> _WHAT YOU ARE ASKED TO DO_
Transcribe the entries that follow, every word as written, and drop the pictures.

> _EXTRACTED MATERIAL_
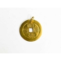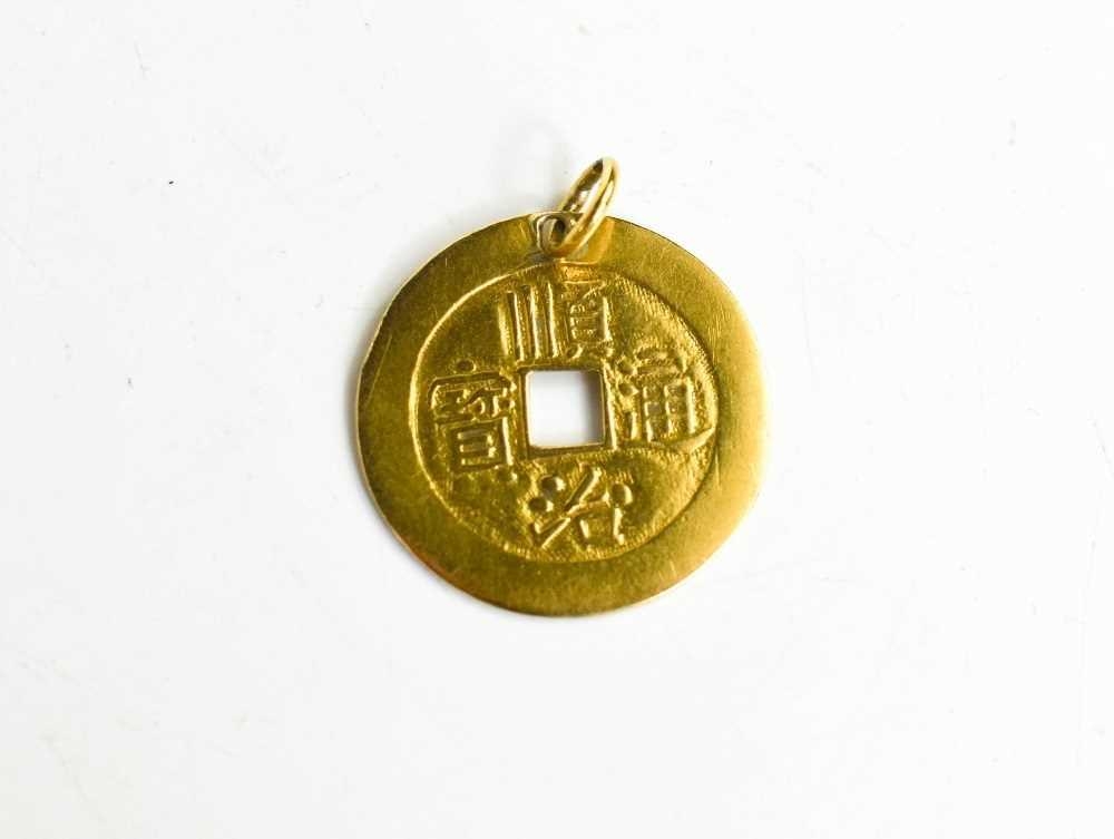 A Japanese gold coin pendant, testing as at least 18ct gold, bearing four calligraphy marks to one side, 3.61g.
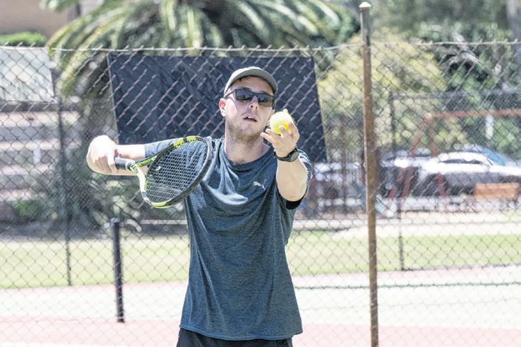 SERVICE: Mark Wettern prepares a booming serve. PHOTOS: Kurt Hickling
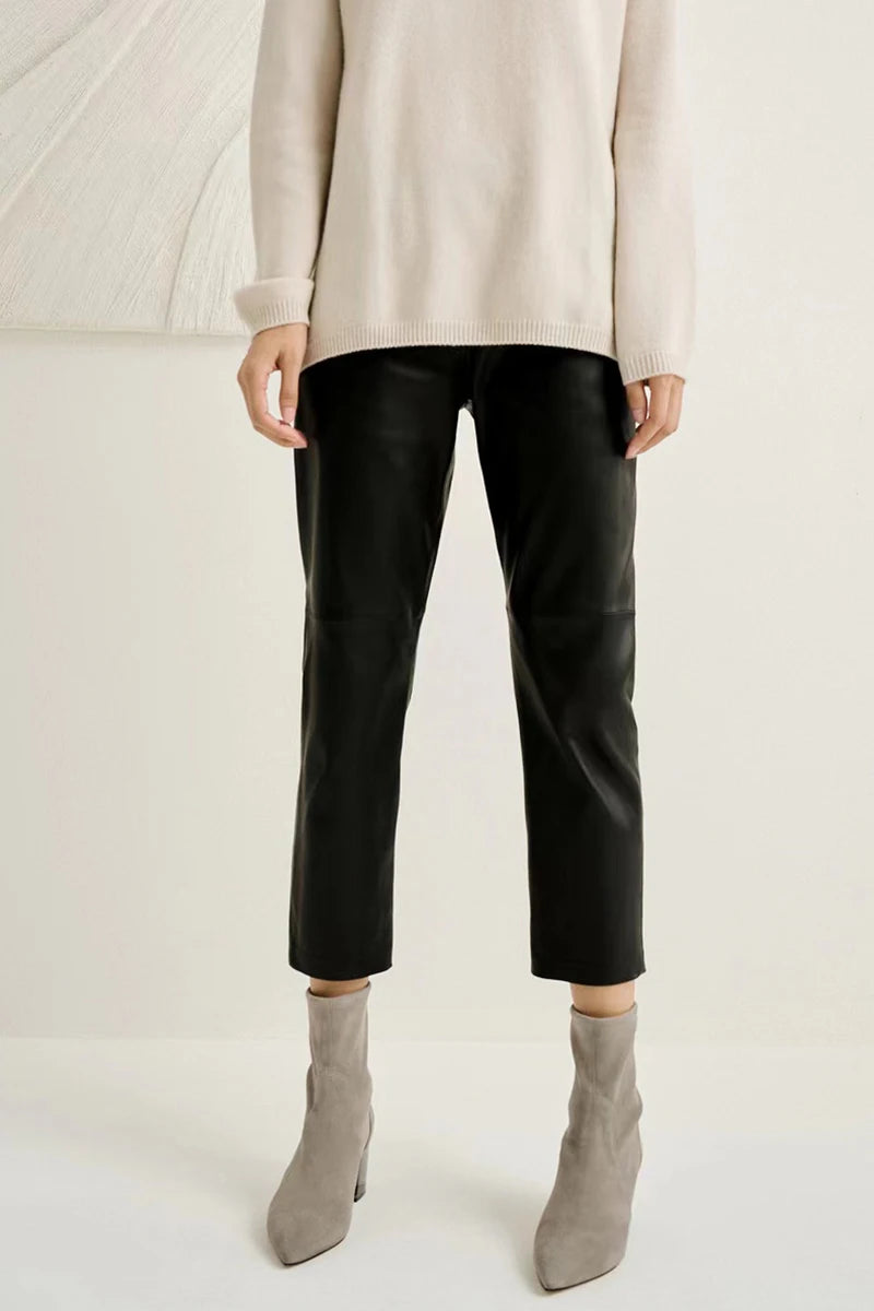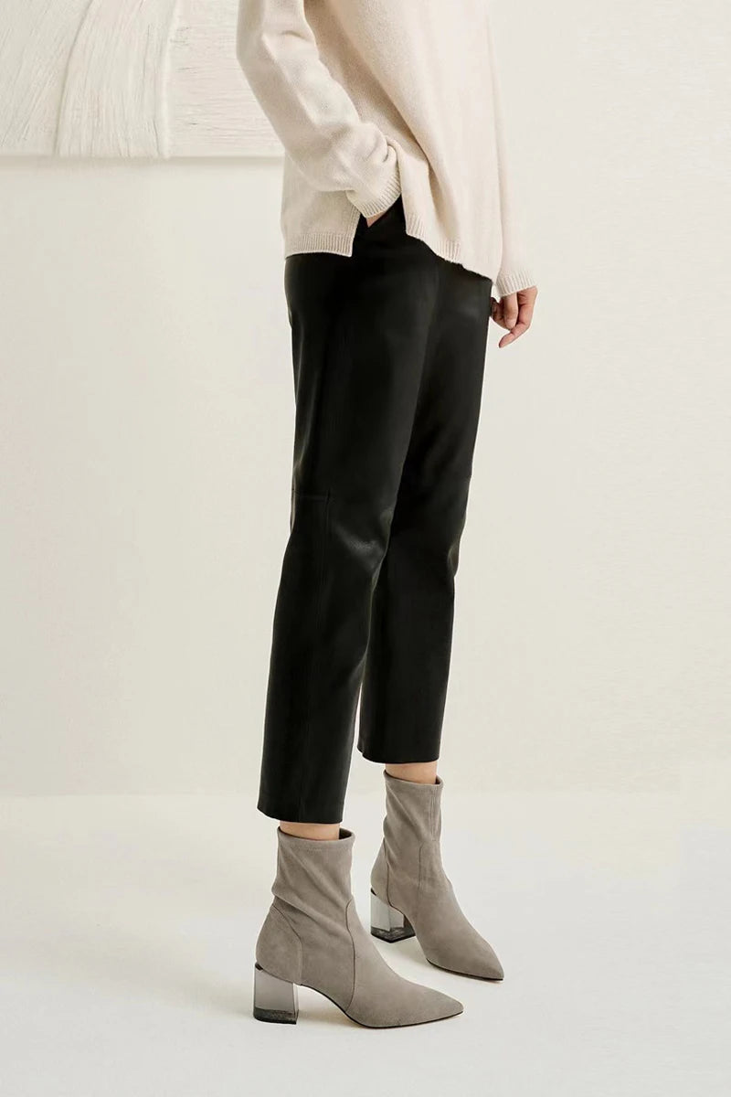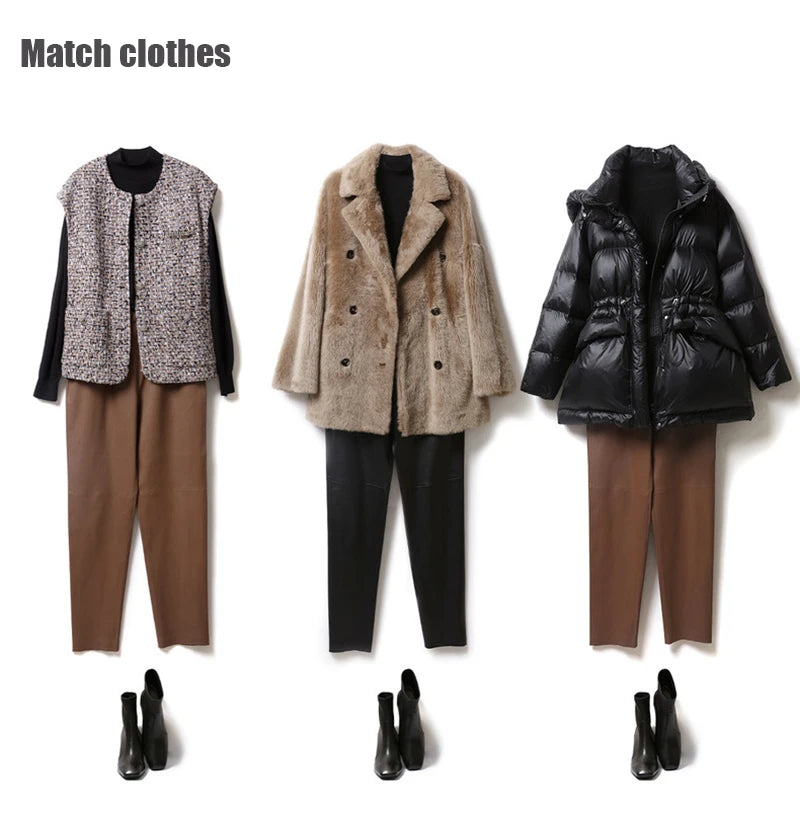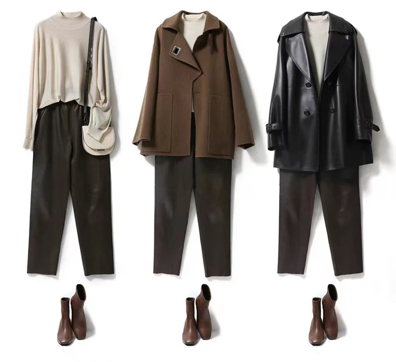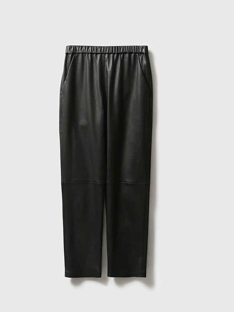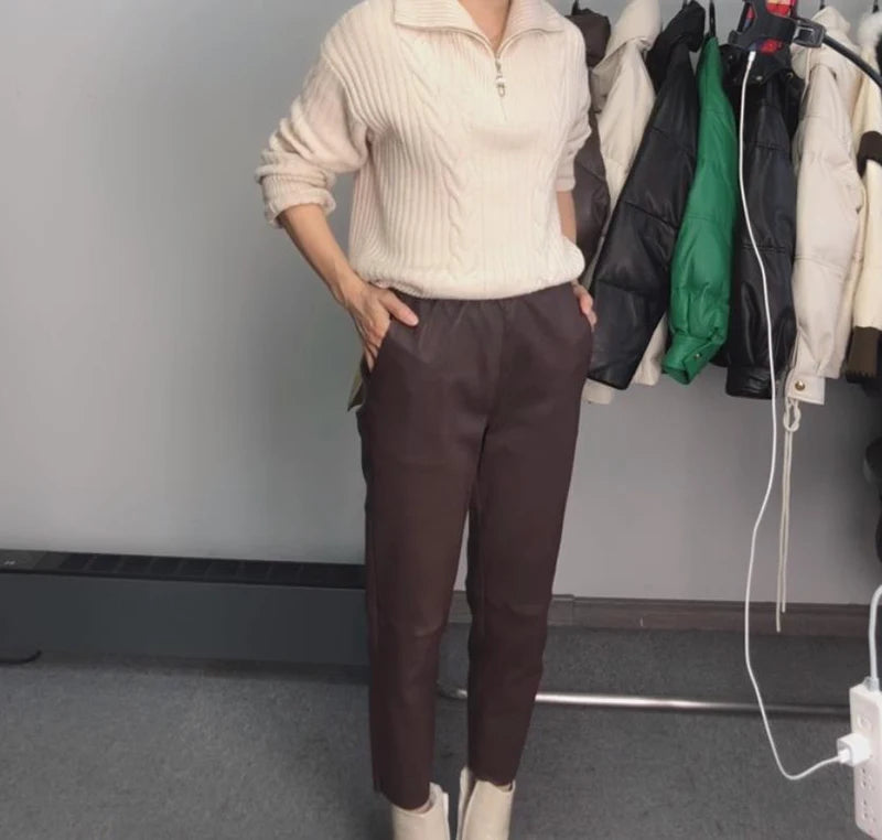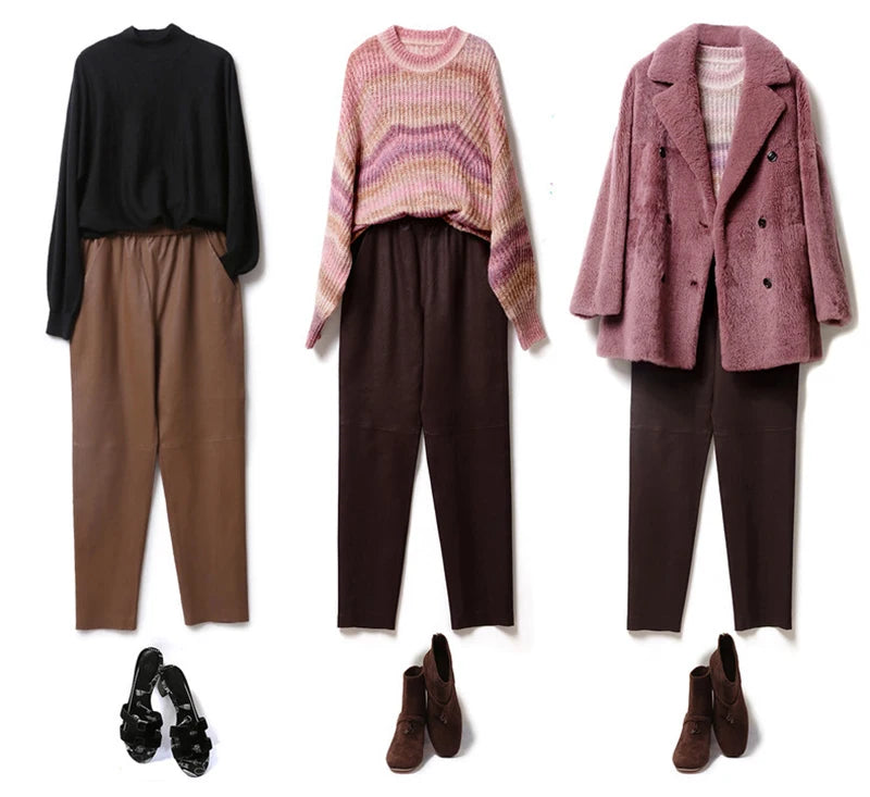 Women's Streetwear Elastic Waist Thin Feet Stretchy Sheepskin Leather Pants
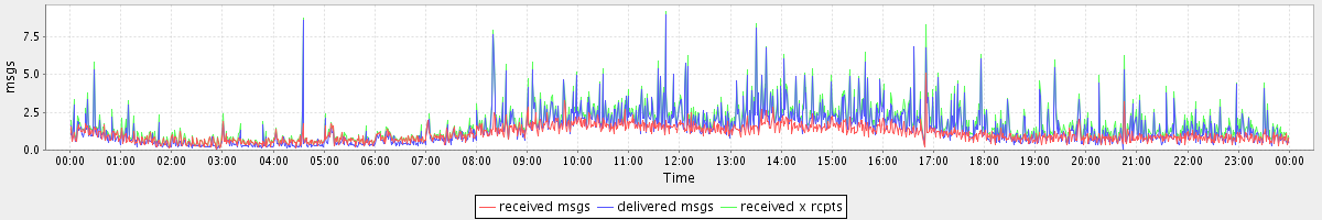 avg(received msgs) = 1.08 avg(delivered msgs) = 1.43 avg(received x rcpts) = 1.70
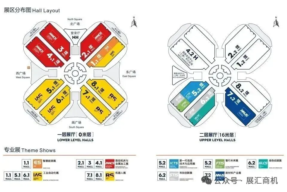 9大专业展:MWCS数控机床与金属加工展,IAS工业自动化展,RS机器人展,GLCS绿色低碳与,工业节能配套展,ICTS工业新一代信息技术与应用展(FTIS空天陆装备展),ES智慧能源展,STIS科技创新展和NMIS新材料产业展,
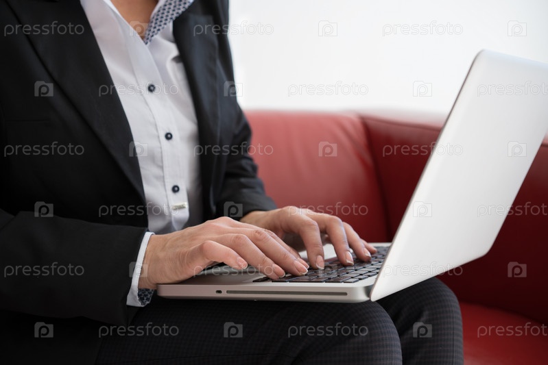 Женщина работает на ноутбуке
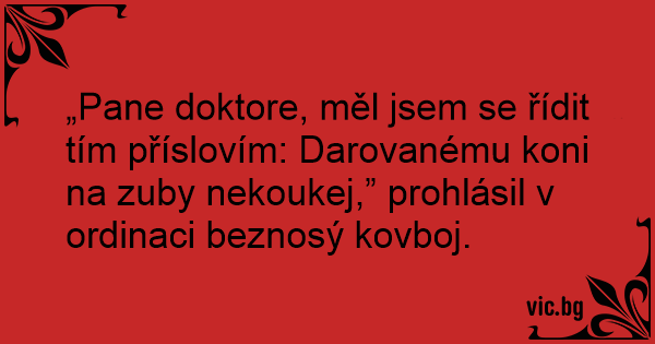 „Pane doktore, měl jsem se řídit tím příslovím: Darovanému koni na zuby nekoukej,” prohlásil v ordinaci beznosý kovboj.
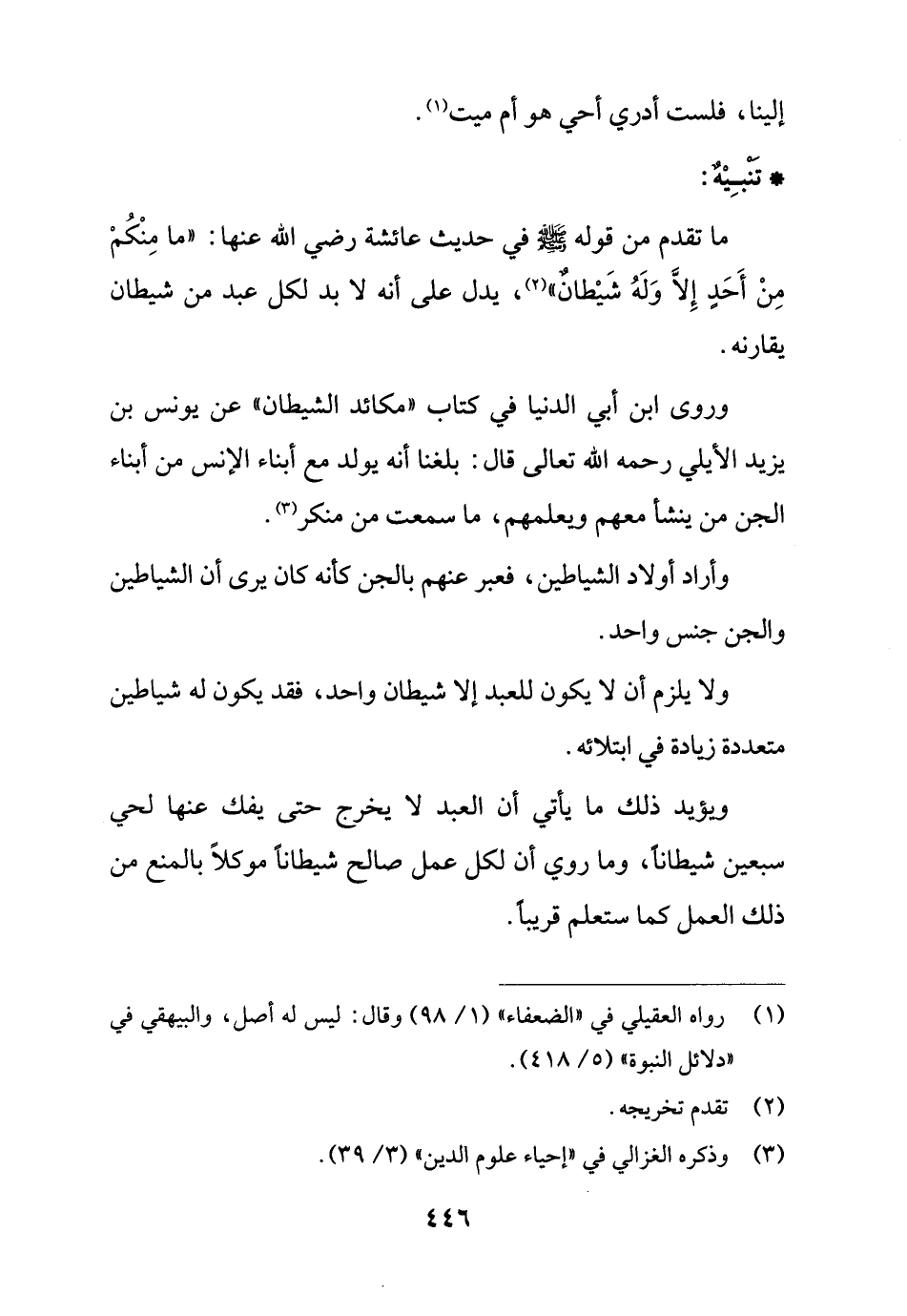 ويؤيد ذلك ما يأتي أن العبد لا يخرج حتى يفك عنها لحي سبعين شيطاناً، وما روي أن لكل عمل صالح شيطاناً موكلاً بالمنع من ذلك العمل كما ستعلم قريباً.

> _WRITTEN ANSWER_
 A Japanese gold coin pendant, testing as at least 18ct gold, bearing four calligraphy marks to one side, 3.61g.
 SERVICE: Mark Wettern prepares a booming serve. PHOTOS: Kurt Hickling
 Women's Streetwear Elastic Waist Thin Feet Stretchy Sheepskin Leather Pants
 avg(received msgs) = 1.08 avg(delivered msgs) = 1.43 avg(received x rcpts) = 1.70
 9大专业展:MWCS数控机床与金属加工展,IAS工业自动化展,RS机器人展,GLCS绿色低碳与,工业节能配套展,ICTS工业新一代信息技术与应用展(FTIS空天陆装备展),ES智慧能源展,STIS科技创新展和NMIS新材料产业展,
 Женщина работает на ноутбуке
 „Pane doktore, měl jsem se řídit tím příslovím: Darovanému koni na zuby nekoukej,” prohlásil v ordinaci beznosý kovboj.
 ويؤيد ذلك ما يأتي أن العبد لا يخرج حتى يفك عنها لحي سبعين شيطاناً، وما روي أن لكل عمل صالح شيطاناً موكلاً بالمنع من ذلك العمل كما ستعلم قريباً.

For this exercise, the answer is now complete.